Prompt -
Beneath this instruction is a block of data; output from it exactly the lines that run from the one containing "From 2004 to" through the one containing "Положить помидоры на", inclusive.

Dataset content -
------------------------------------------------------------------------
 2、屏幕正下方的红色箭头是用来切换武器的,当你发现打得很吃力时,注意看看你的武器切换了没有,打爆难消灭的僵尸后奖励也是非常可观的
------------------------------------------------------------------------
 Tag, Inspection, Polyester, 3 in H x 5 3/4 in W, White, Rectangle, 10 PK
------------------------------------------------------------------------
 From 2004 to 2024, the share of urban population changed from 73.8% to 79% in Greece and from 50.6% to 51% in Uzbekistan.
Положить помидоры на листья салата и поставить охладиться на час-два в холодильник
------------------------------------------------------------------------
Answer to the exercise -
 From 2004 to 2024, the share of urban population changed from 73.8% to 79% in Greece and from 50.6% to 51% in Uzbekistan.
Положить помидоры на листья салата и поставить охладиться на час-два в холодильник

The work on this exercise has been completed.